#### [Assigned task]
In the copy, every line of the material that follows must appear exactly, and no pictures should.

START Data segment

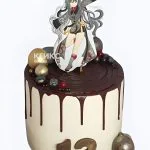 Белый торт с шоколадной глазурью на день рождения Геншин
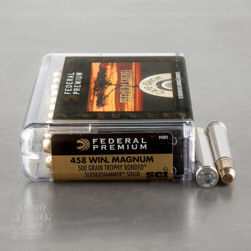 This is .458 Win. Magnum Cape-Shok 500gr. Trophy Bonded Sledgehammer Ammo. Expert safari and dangerous game hunters choose Federal Premium Cape-Shok. Designed for maximum effectiveness on large game with tough hide, heavy bone and muscle tissue such as Cape Buffalo and Elephant. Don't trust the hunt of a lifetime to anything less. Nickel coated brass cased, boxer primed, non-corrosive and non-magnetic. Comes packed 20rds. per box.
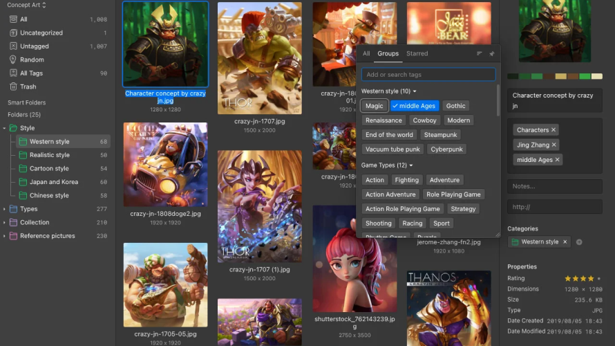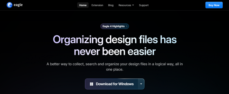 Eagle organizes thousands of images and hundreds of categories. It enables swift location of assets through advanced filters and searches in under 0.5 seconds. Core functions include keyword search, color search, image-based search, and multi-dimensional filters. Users browse assets with scaled display, hover previews, and spacebar previews for images, GIFs, videos, and audio. Eagle 5.0 adds AI Search for finding by reference images locally, AI Action for auto-naming, auto-tagging, and auto-sorting files, and Eagle MCP for executing complex requests via natural language. All processing stays on the user's machine with no cloud uploads required. Lifetime license owners receive free upgrades.
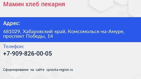 Мамин хлеб, пекарня по адресу 681029, Хабаровский край, Комсомольск-на-Амуре, проспект Победы, 14 в дальнейшем Организация, размещена в следующих категориях:

END Data segment

#### [Solution to this problem]
 Белый торт с шоколадной глазурью на день рождения Геншин
 This is .458 Win. Magnum Cape-Shok 500gr. Trophy Bonded Sledgehammer Ammo. Expert safari and dangerous game hunters choose Federal Premium Cape-Shok. Designed for maximum effectiveness on large game with tough hide, heavy bone and muscle tissue such as Cape Buffalo and Elephant. Don't trust the hunt of a lifetime to anything less. Nickel coated brass cased, boxer primed, non-corrosive and non-magnetic. Comes packed 20rds. per box.
 Eagle organizes thousands of images and hundreds of categories. It enables swift location of assets through advanced filters and searches in under 0.5 seconds. Core functions include keyword search, color search, image-based search, and multi-dimensional filters. Users browse assets with scaled display, hover previews, and spacebar previews for images, GIFs, videos, and audio. Eagle 5.0 adds AI Search for finding by reference images locally, AI Action for auto-naming, auto-tagging, and auto-sorting files, and Eagle MCP for executing complex requests via natural language. All processing stays on the user's machine with no cloud uploads required. Lifetime license owners receive free upgrades.
 Мамин хлеб, пекарня по адресу 681029, Хабаровский край, Комсомольск-на-Амуре, проспект Победы, 14 в дальнейшем Организация, размещена в следующих категориях:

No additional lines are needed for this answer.